Разобрался позже. И помогло мне письмо одного уральца, которое попало в мои руки через несколько дней после визита к приятелю.


«Сейчас я нахожусь в Ленинграде, — сообщал он, — куда приехал поездом из Свердловска. Всю дорогу творилось что-то невообразимое — с утра до вечера гремело радио, и укрыться от него было негде. Регуляторы звука бездействовали, и песни лились во всю ширь и мощь, способные до краев наполнить звуками не только целый вагон, но даже привокзальную площадь. Словом, сошел я в Ленинграде с головой, нафаршированной звучащими магнитофонными лентами».

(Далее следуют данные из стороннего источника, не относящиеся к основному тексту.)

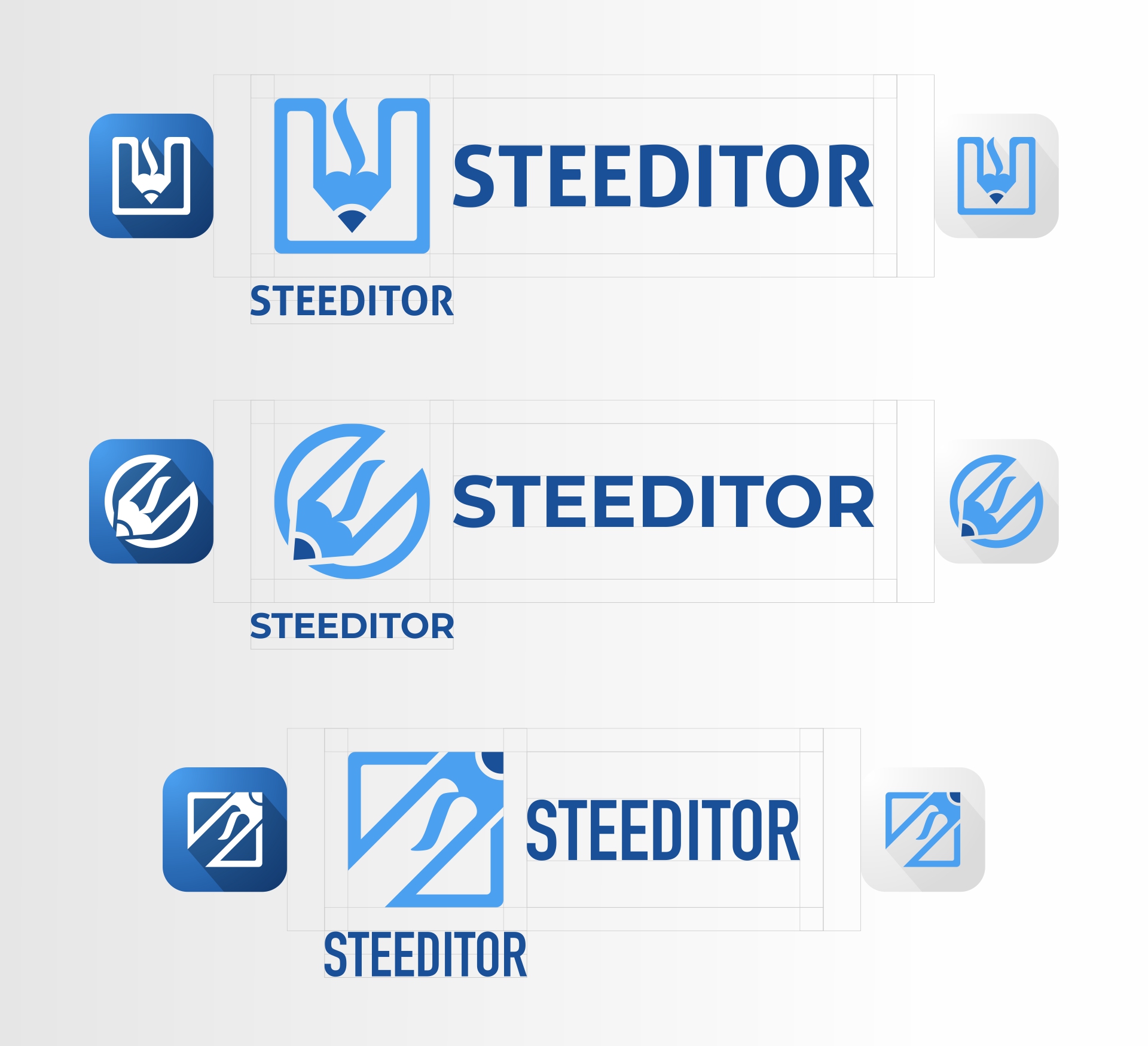 This task request is about a logo (icon + text) for Steeditor - an editor for Steem posts with advanced options. The app (actually, a prototype of the app) is designed following Material Design principles, so the logo should also use these principles.
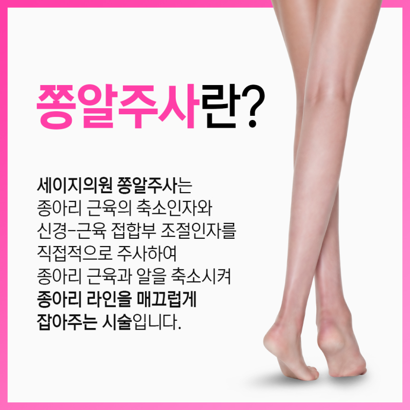 자연스럽고 매끄러운 종아리를 만들기 위해 많은 분들이 선택하고 만족하는 방법이 바로 청알주사입니다!보톡스 시술 후 내성 발생, 기타 하체성형(종아리퇴축술 등)으로 인해 후유증이나 부작용이 나타난 분들도 투덜투덜 주사를 놓을 수 있어 다행이지만 우리 몸이기 때문에 더욱 소중히 여겨야 합니다.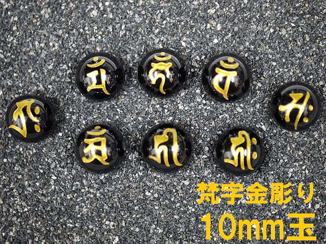 梵字金彫オニキス10mm 1粒売り 12支とその生まれ年の守護本尊が選べます 天然石 ポスト投函配送選択可能です ※梵字に向かって横穴になります。

Ага, вот, значит, откуда возникает потребность в выпевании накопленного за поездку репертуара. Но, может быть, это частный случай, некое музыкальное происшествие в поезде, которым ехал уралец? Увы, продолжение его письма рассеяло всякие иллюзии:

«А месяца полтора назад поездом № 100 я ехал из Оренбурга в Свердловск. И как только он отошел, на радиоузле включили вагонную трансляцию. Репродукторы орали непрерывно вплоть до Орска, то есть до двадцати трех ноль-ноль. Такое, с позволения сказать, радиообслуживание способно довести человека до нервного расстройства».

Да, письмо уральца (есть немало и других аналогичных сигналов в редакции) настраивало отнюдь не на веселые размышления.

Кто не знает, что поезд сам по себе не бесшумен. Дико было бы прочитать сейчас в газетном очерке такую фразу: «Вдруг раздался, пронзительный свисток паровоза». Давно уже ушли на покой паровозы со свистками и гудками, мягче, глуше стал ход вагонов, да и подогнаны внутри детали так, чтобы ничего в пути не дребезжало и не стучало (о вагонах с дефектами мы не говорим — это, что называется, особая статья). Но вот радио…

В наш насыщенный электричеством, высокомеханизированный быт уверенно вошли, став обыденными, такие понятия, как утечка газа, утечка электричества. А может быть, с легкой руки вагонного главка МПС войдет и новый термин — утечка звука?

Нет, ни уралец, ни авторы других писем, ни сам автор фельетона не предлагают принять крайние меры: с корнем выдрать репродукторы и перерезать радиопровода.

Нет! Послушать в пути последние известия, спортивный репортаж, лирическую песенку — разве можно от всего этого отказаться?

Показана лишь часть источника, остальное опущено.